Adventure in parserland – parsing lambda expressions in F#

Let’ now look at the parser. First let’s review the grammar:

(*
        <expression> ::= <name> | <function> | <application>
        <name> ::= nonblank character sequence
        <function> ::= \ <name> . <body>
        <body> ::= <expression>
        <application> ::= ( <function expression> <argument expression> )
        <function expression> ::= <expression>
        <argument expression> ::= <expression>
    *)

And the data type to represent it:

type Name = string
and Body = Expression
and Function = Name * Expression
and FunctionExpression = Expression
and ArgumentExpression = Expression
and Expression =
| EName of string
| Function of Expression * Body
| Application of FunctionExpression * ArgumentExpression
| EOT

In essence, the data type need to store all the information needed for subsequent stages of computation (i.e. beta reductions and such). The closer it is to the grammar, the better. In this case it looks pretty close.

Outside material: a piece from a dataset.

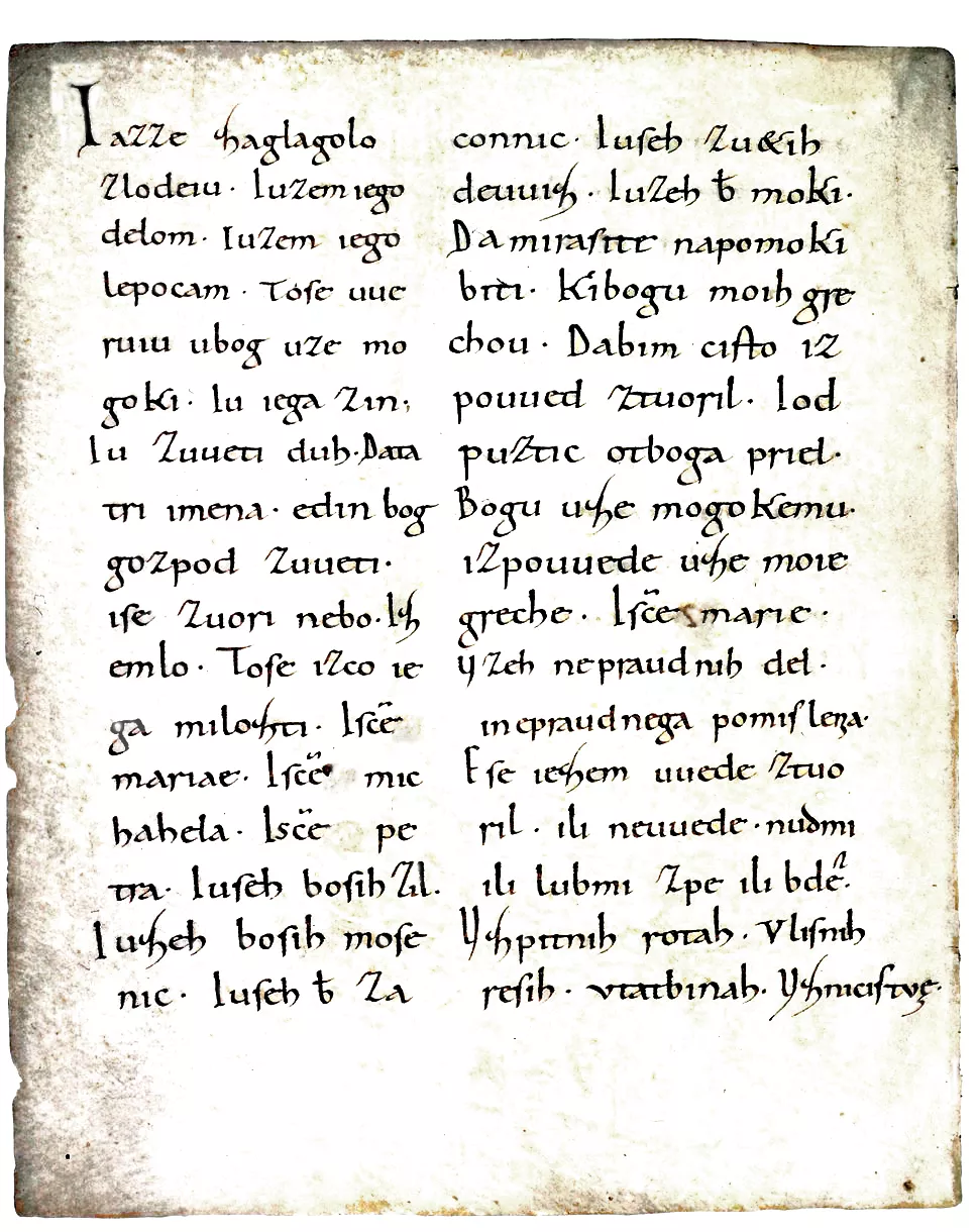 Predstavitev Brižinskih rokopisov najdete na angleških spletnih straneh Wikipedije, pa tudi kvalitetno fotografijo prve strani http://en.wikipedia.org/wiki/Freising_manuscripts

Remember what is the main goal of our parser:

let parseTextReader: TextReader -> seq<Expression> =
                    textReaderToLazyList >> tokenStream >> parseExpressions

We have already looked at TextReaderToLazyList and tokenStream. Now it is the time to look at parseExpressions. It’s goal is to parse the LazyList and return a sequence of expressions. The choice of returning a sequence at this point is to make the parseTextReader, which is the main function in the program, return a more ‘standard’ type.

and parseExpressions tokens = seq {
   let tokens = parseOptionalWs tokens
   let expr, tokens = parseExpr tokens
   let tokens = parseOptionalWs tokens
   match expr with
    | EOT   -> yield EOT
    | exp   -> yield exp; yield! parseExpressions tokens }

parseOtionalWs simply skips ahead whatever whitespaces it finds.

and parseOptionalWs tokens = match tokens with
                                | LazyList.Nil -> LazyList.empty
                                | LazyList.Cons(h, t) ->
                                    match h with
                                       | Ws _ -> parseOptionalWs t
                                       | _ -> tokens

parseExpr is more interesting. It is the main switch that creates expression kinds.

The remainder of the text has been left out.